Mr. Darcy’s Diary by Amanda Grange

January 11, 2011

Plot summary (from the publisher): Mr. Darcy’s Diary presents the story of the unlikely courtship of Elizabeth Bennet and Fitzwilliam Darcy from Darcy’s point of view. This graceful imagining and sequel to Price and Prejudice explains Darcy’s moodiness and the difficulties of his reluctant relationship as he struggles to avoid falling in love with Miss Bennet. Though seemingly stiff and stubborn at times, Darcy’s words prove him also to be quite devoted and endearing – qualities that eventually win over Miss Bennet’s heart. This continuation of a classic romantic novel is charming and elegant, much like Darcy himself.


  • This was a very quick, easy read. The diary entries are mostly short and to the point, and there’s plenty of white space on each page. When I think of “diary”, I usually think of a teenage girl’s notebook with musings such as, Does Chase even know I exist? or What diet pills work the best? But it was easy enough to accept that Fitzwilliam Darcy would keep a diary, and the entries Grange included really fit the man.
  • I had no idea these types of “sequels” existed. I know, I know… I’m late to the party in this regard. I actually thought this was a great idea, and I really enjoyed getting the story of Darcy and Elizabeth’s courtship from his point of view.
  • I liked how Grange used some exact quotes and scenes from Pride and Prejudice, and then expanded to give readers an idea of what Darcy might have been thinking. In other words, this book wasn’t based entirely on Grange’s own imagination; she did include stuff from the original as well. I’m sure this is the usual m.o. for these types of books, but again, it was new to me (and therefore interesting).

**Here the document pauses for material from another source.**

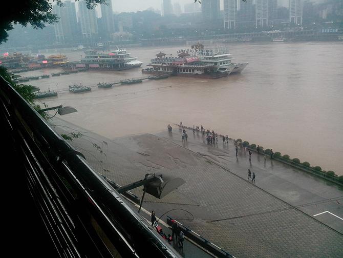 洪崖洞出来,就步行至朝天门。我旅游的时候很爱走路,因为坐车会错过很多风景,当然除了赶时间。一路淅淅沥沥的小雨,伴我来到朝天门码头。没错,这就是个码头,还有个广场。虽然有名但貌似没啥好玩的,或许也就是这两江交汇地才有名的吧。

  • A few of the diary entries were far too detailed to be believed as actual diary entries. I mean, who remembers entire conversations word-for-word and then essentially transcribes them into a diary entry once they return home? I know this is a work of fiction, so I’m not too hung up on this particular point. But I remember being taken out of the story a couple of times as I thought to myself, “Wow, Darcy’s memory is fantastic!”


I downloaded Mr. Darcy’s Diary from the Kindle store when it was offered for free, and wasn’t expecting much out of it (most of the free books are complete disasters). But I ended up really liking this one! Granted, I’m not a rabid Pride and Prejudice fan, so I probably am not holding this book to the same standard that true Austen devotees would, but it was a fun, engaging, and entertaining read for someone with a passing knowledge of the original. I give it 4 stars out of 5.